Kenneth Leighton (2 October 1929 – 24 August 1988) was a British composer and pianist. His compositions include church and choral music, pieces for piano, organ, cello, oboe and other instruments, chamber music, concertos, symphonies, and an opera. He had various academic appointments in the Universities of Leeds, Oxford and, primarily, Edinburgh.

Biography

Leighton was born in Wakefield, Yorkshire, on 2 October 1929, to parents of modest means, who noted his musical ability as a child and enrolled him as a chorister at Wakefield Cathedral. Encouraged by his mother and the parish priest (who helped obtain a piano), he began piano lessons and progressed precociously. In 1940, he gained a place at the Queen Elizabeth Grammar School, played at school assemblies and concerts, and composed settings of poetry for voice and piano and solo piano pieces (including the Sonatina Op. 1a, 1946, his first published work). While still at school (in 1946) he obtained the Licentiate of the Royal Academy of Music (LRAM) in piano performance. With the benefit of a State scholarship to study Classics at University, Leighton was admitted to the Queen's College, Oxford in 1947, where he also won a Hastings Scholarship, obtaining a BA in Classics in 1950. After commencing his Classics degree he began to study simultaneously for a degree in Music, tutored by the composer Bernard Rose, and gained the Oxford Bachelor of Music in 1951. At Oxford he came to the attention of Gerald Finzi, an early supporter and friend, who performed some of his works (e.g. Symphony for Strings, Op. 3, 1949) with the Newbury String Players and introduced him to Vaughan Williams, who facilitated and attended some of his performances in London.[1] Leopold Stokowski premiered his overture Primavera Romana (Op. 14) with the Royal Philharmonic in Liverpool in 1951. In the same year he was awarded a Mendelssohn Scholarship, which enabled him to study with Goffredo Petrassi in Rome,[2] where he met his first wife, Lydia Angela Vignapiano, by whom he had two children (Angela Leighton, academic and poet; Robert, archaeologist).[3]

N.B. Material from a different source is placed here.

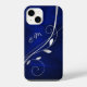Funda Para iPhone Monograma azul real giratorio de hojas plateadas

On his return from Italy in 1952, Leighton taught briefly at the Royal Marines School of Music in Deal. He held a Gregory Fellowship in music from 1953–56 in the University of Leeds, and in 1956 was appointed Lecturer, then Reader, in Music in the University of Edinburgh. In 1968, he moved to Oxford University, where he succeeded Edmund Rubbra as Fellow in Music of Worcester College. Leighton returned to Edinburgh as Reid Professor of Music in 1970, holding the chair until his death in 1988.[4] He married Josephine Anne Prescott in 1981.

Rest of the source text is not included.